== DATASET RECORDS ==
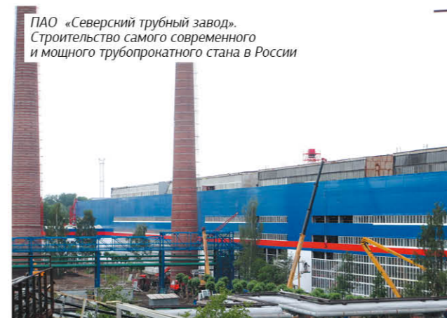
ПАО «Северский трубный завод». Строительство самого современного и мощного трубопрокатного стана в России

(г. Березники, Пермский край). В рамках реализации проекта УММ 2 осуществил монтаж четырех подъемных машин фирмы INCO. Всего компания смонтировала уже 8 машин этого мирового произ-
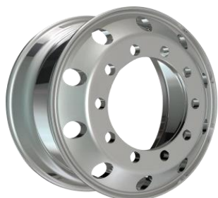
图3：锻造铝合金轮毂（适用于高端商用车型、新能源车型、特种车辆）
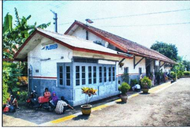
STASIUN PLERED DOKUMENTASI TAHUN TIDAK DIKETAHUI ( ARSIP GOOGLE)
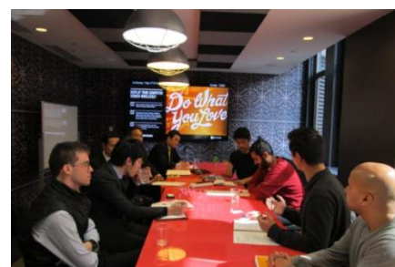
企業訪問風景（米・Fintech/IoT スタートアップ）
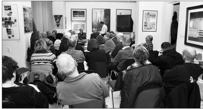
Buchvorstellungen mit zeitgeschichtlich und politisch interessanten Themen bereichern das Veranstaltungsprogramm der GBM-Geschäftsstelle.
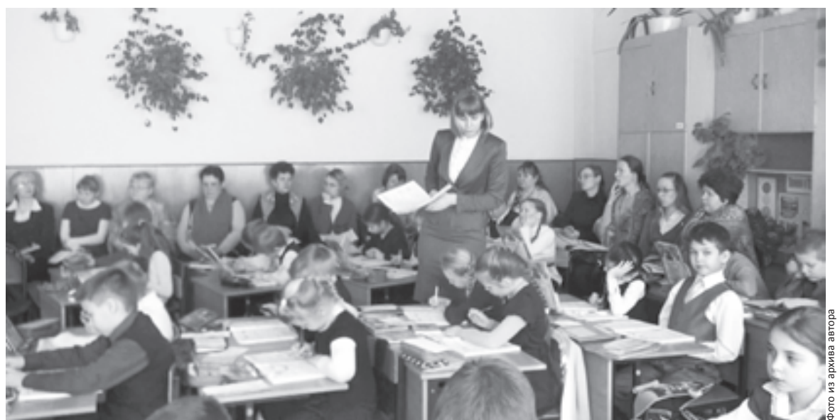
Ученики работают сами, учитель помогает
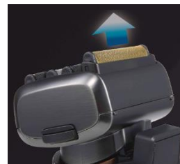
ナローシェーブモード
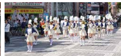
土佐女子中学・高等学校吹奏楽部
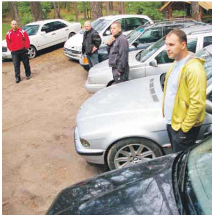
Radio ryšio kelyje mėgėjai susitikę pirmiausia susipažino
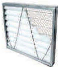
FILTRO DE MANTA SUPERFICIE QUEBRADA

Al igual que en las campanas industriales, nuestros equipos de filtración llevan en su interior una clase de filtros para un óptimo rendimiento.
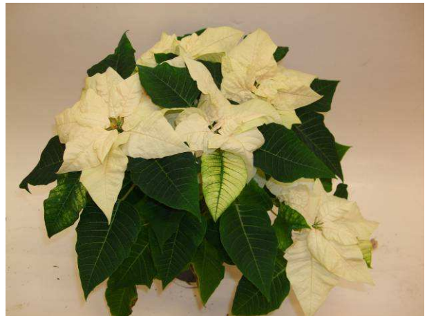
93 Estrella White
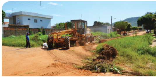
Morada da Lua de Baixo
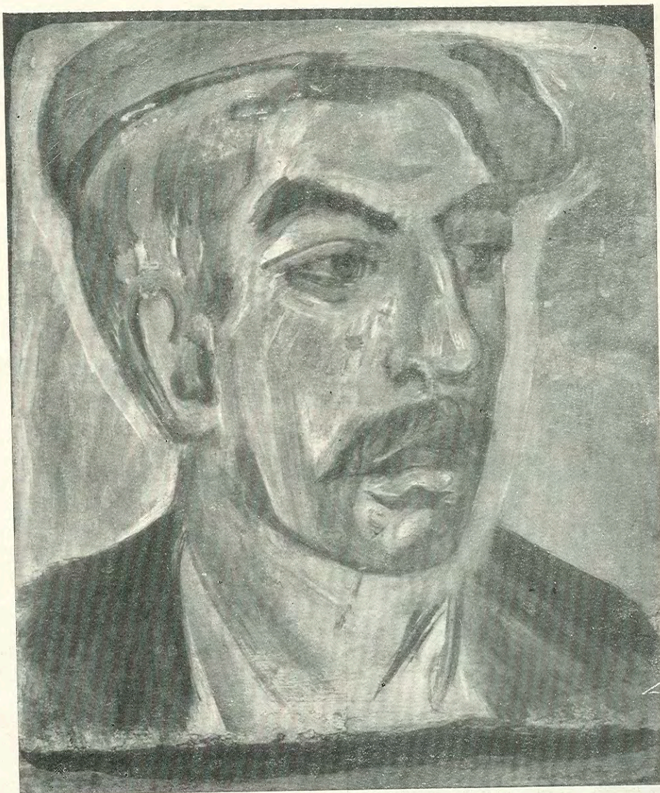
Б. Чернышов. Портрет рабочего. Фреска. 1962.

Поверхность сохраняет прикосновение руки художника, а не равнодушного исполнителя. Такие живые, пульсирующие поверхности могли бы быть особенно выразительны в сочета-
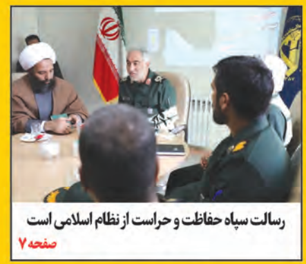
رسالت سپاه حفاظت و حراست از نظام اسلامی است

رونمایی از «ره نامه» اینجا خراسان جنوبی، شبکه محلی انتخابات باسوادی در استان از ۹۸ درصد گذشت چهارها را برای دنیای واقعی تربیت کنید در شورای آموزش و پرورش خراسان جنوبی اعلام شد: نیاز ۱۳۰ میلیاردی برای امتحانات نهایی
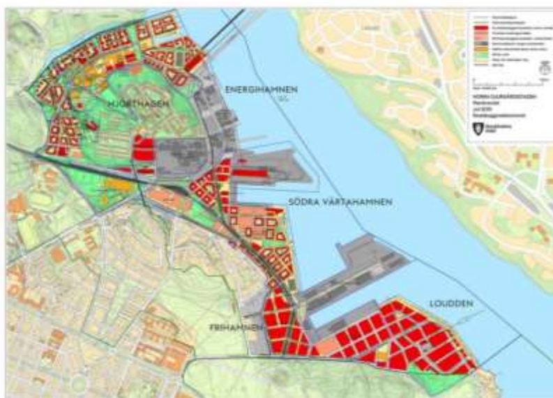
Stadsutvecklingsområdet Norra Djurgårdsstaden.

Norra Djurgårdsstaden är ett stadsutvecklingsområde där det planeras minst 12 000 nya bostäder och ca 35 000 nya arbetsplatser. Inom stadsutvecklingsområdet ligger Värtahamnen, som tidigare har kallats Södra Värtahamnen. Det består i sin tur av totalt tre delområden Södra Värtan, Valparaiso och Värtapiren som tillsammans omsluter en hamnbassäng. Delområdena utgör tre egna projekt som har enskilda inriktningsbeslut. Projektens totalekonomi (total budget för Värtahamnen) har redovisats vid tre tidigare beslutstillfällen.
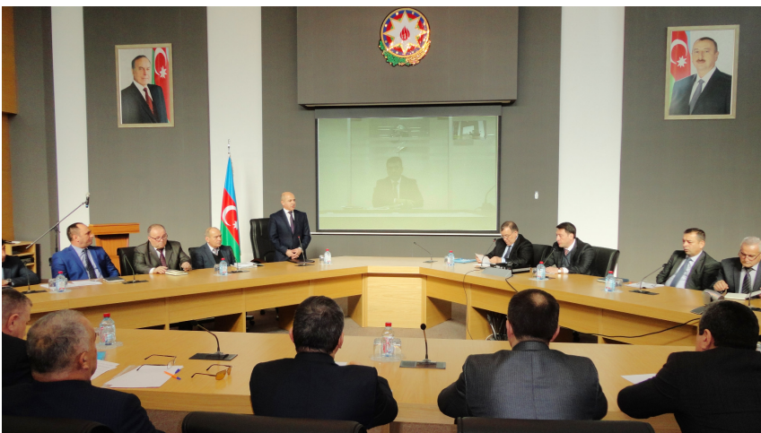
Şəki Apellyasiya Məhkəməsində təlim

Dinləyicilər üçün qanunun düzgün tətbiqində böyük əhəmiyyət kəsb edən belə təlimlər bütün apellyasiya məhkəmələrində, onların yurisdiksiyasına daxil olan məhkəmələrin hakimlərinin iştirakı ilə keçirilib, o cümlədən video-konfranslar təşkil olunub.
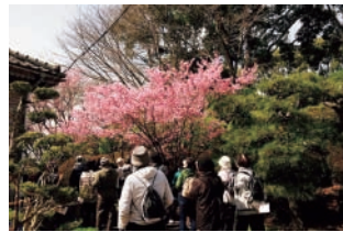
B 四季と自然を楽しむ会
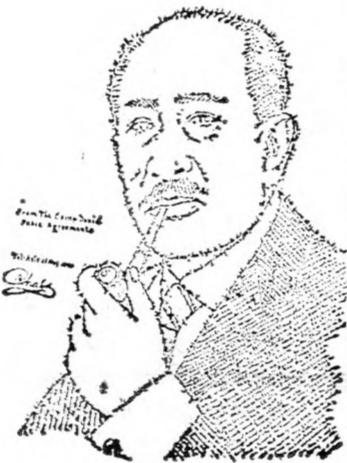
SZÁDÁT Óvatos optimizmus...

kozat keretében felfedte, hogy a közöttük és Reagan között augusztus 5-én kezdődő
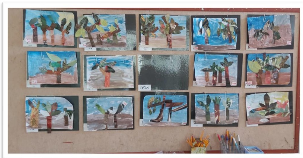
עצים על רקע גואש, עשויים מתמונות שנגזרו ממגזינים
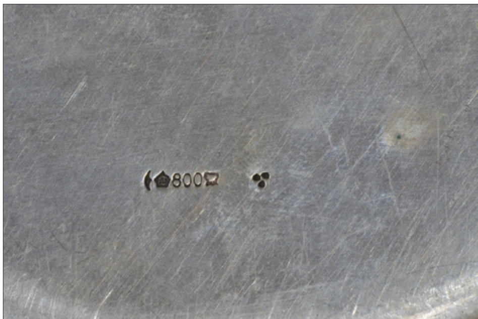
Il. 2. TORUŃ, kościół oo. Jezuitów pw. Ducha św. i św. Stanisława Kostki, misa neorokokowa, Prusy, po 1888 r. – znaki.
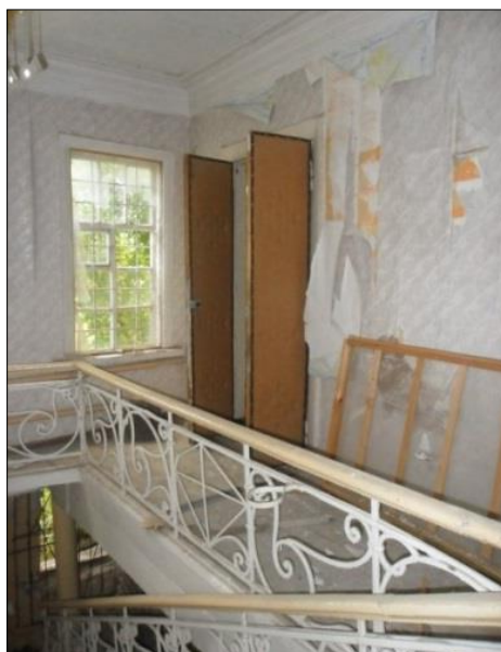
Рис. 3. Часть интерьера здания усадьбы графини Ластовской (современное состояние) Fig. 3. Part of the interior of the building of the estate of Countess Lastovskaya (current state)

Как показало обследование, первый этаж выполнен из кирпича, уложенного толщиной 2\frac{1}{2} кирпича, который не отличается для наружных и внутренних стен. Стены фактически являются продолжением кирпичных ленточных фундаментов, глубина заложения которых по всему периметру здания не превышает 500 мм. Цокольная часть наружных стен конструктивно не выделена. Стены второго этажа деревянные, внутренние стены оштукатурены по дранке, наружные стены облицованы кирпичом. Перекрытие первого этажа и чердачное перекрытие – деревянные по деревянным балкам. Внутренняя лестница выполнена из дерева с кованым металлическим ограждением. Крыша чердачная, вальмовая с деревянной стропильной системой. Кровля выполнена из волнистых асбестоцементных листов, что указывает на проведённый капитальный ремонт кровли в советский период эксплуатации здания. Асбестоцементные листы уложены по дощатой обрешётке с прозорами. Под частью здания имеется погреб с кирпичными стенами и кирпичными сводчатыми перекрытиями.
===
Where pictures occur in the material above, omit them and return everything else exactly.

* _SOLVED EXERCISE_:
ПАО «Северский трубный завод». Строительство самого современного и мощного трубопрокатного стана в России

(г. Березники, Пермский край). В рамках реализации проекта УММ 2 осуществил монтаж четырех подъемных машин фирмы INCO. Всего компания смонтировала уже 8 машин этого мирового произ-
图3：锻造铝合金轮毂（适用于高端商用车型、新能源车型、特种车辆）
STASIUN PLERED DOKUMENTASI TAHUN TIDAK DIKETAHUI ( ARSIP GOOGLE)
企業訪問風景（米・Fintech/IoT スタートアップ）
Buchvorstellungen mit zeitgeschichtlich und politisch interessanten Themen bereichern das Veranstaltungsprogramm der GBM-Geschäftsstelle.
Ученики работают сами, учитель помогает
ナローシェーブモード
土佐女子中学・高等学校吹奏楽部
Radio ryšio kelyje mėgėjai susitikę pirmiausia susipažino
FILTRO DE MANTA SUPERFICIE QUEBRADA

Al igual que en las campanas industriales, nuestros equipos de filtración llevan en su interior una clase de filtros para un óptimo rendimiento.
93 Estrella White
Morada da Lua de Baixo
Б. Чернышов. Портрет рабочего. Фреска. 1962.

Поверхность сохраняет прикосновение руки художника, а не равнодушного исполнителя. Такие живые, пульсирующие поверхности могли бы быть особенно выразительны в сочета-
رسالت سپاه حفاظت و حراست از نظام اسلامی است

رونمایی از «ره نامه» اینجا خراسان جنوبی، شبکه محلی انتخابات باسوادی در استان از ۹۸ درصد گذشت چهارها را برای دنیای واقعی تربیت کنید در شورای آموزش و پرورش خراسان جنوبی اعلام شد: نیاز ۱۳۰ میلیاردی برای امتحانات نهایی
Stadsutvecklingsområdet Norra Djurgårdsstaden.

Norra Djurgårdsstaden är ett stadsutvecklingsområde där det planeras minst 12 000 nya bostäder och ca 35 000 nya arbetsplatser. Inom stadsutvecklingsområdet ligger Värtahamnen, som tidigare har kallats Södra Värtahamnen. Det består i sin tur av totalt tre delområden Södra Värtan, Valparaiso och Värtapiren som tillsammans omsluter en hamnbassäng. Delområdena utgör tre egna projekt som har enskilda inriktningsbeslut. Projektens totalekonomi (total budget för Värtahamnen) har redovisats vid tre tidigare beslutstillfällen.
Şəki Apellyasiya Məhkəməsində təlim

Dinləyicilər üçün qanunun düzgün tətbiqində böyük əhəmiyyət kəsb edən belə təlimlər bütün apellyasiya məhkəmələrində, onların yurisdiksiyasına daxil olan məhkəmələrin hakimlərinin iştirakı ilə keçirilib, o cümlədən video-konfranslar təşkil olunub.
B 四季と自然を楽しむ会
SZÁDÁT Óvatos optimizmus...

kozat keretében felfedte, hogy a közöttük és Reagan között augusztus 5-én kezdődő
עצים על רקע גואש, עשויים מתמונות שנגזרו ממגזינים
Il. 2. TORUŃ, kościół oo. Jezuitów pw. Ducha św. i św. Stanisława Kostki, misa neorokokowa, Prusy, po 1888 r. – znaki.
Рис. 3. Часть интерьера здания усадьбы графини Ластовской (современное состояние) Fig. 3. Part of the interior of the building of the estate of Countess Lastovskaya (current state)

Как показало обследование, первый этаж выполнен из кирпича, уложенного толщиной 2\frac{1}{2} кирпича, который не отличается для наружных и внутренних стен. Стены фактически являются продолжением кирпичных ленточных фундаментов, глубина заложения которых по всему периметру здания не превышает 500 мм. Цокольная часть наружных стен конструктивно не выделена. Стены второго этажа деревянные, внутренние стены оштукатурены по дранке, наружные стены облицованы кирпичом. Перекрытие первого этажа и чердачное перекрытие – деревянные по деревянным балкам. Внутренняя лестница выполнена из дерева с кованым металлическим ограждением. Крыша чердачная, вальмовая с деревянной стропильной системой. Кровля выполнена из волнистых асбестоцементных листов, что указывает на проведённый капитальный ремонт кровли в советский период эксплуатации здания. Асбестоцементные листы уложены по дощатой обрешётке с прозорами. Под частью здания имеется погреб с кирпичными стенами и кирпичными сводчатыми перекрытиями.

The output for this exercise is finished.